The name Ratio was suggested by Albert Uttley, it being the Latin root meaning "computation or the faculty of mind which calculates, plans and reasons". He pointed out that it is also the root of rationarium, meaning a statistical account, and ratiocinatius, meaning argumentative.  The use was probably inspired by an earlier suggestion by Donald Mackay of the 'MR club', from Machina ratiocinatrix, a term used by Norbert Wiener in the introduction to his then recently published book Cybernetics, or Control and Communication in the Animal and the Machine.
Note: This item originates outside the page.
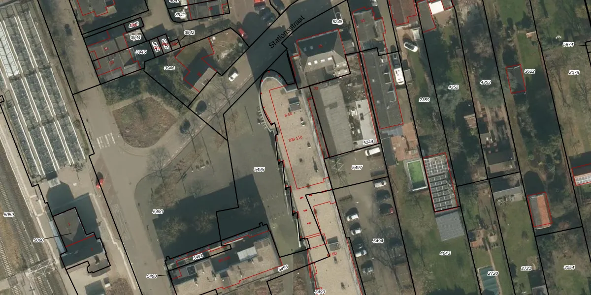Het perceel waarop Stationsplein 22 staat heeft een oppervlakte van 1730 m². Dit is een zeer groot perceel. De perceeloppervlakte wordt geregistreerd door het Kadaster. Gedetailleerde informatie over de maten van dit perceel kunt u vinden in het rapport Kadastrale kaart met maatvoering van Stationsplein 22.

Wiener used the term in reference to calculus ratiocinator, a calculating machine constructed by Leibniz.

The initial membership was W. Ross Ashby, Horace Barlow, John Bates, George Dawson, Thomas Gold, W. E. Hick, Victor Little, Donald MacKay, Turner McLardy, P. A. Merton, John Pringle, Harold Shipton, Donald Sholl, Eliot Slater, Albert Uttley, W. Grey Walter and John Hugh Westcott. Alan Turing joined after the first meeting with I. J. Good, Philip Woodward and William Rushton added soon after. Giles Brindley was also a member for a short period.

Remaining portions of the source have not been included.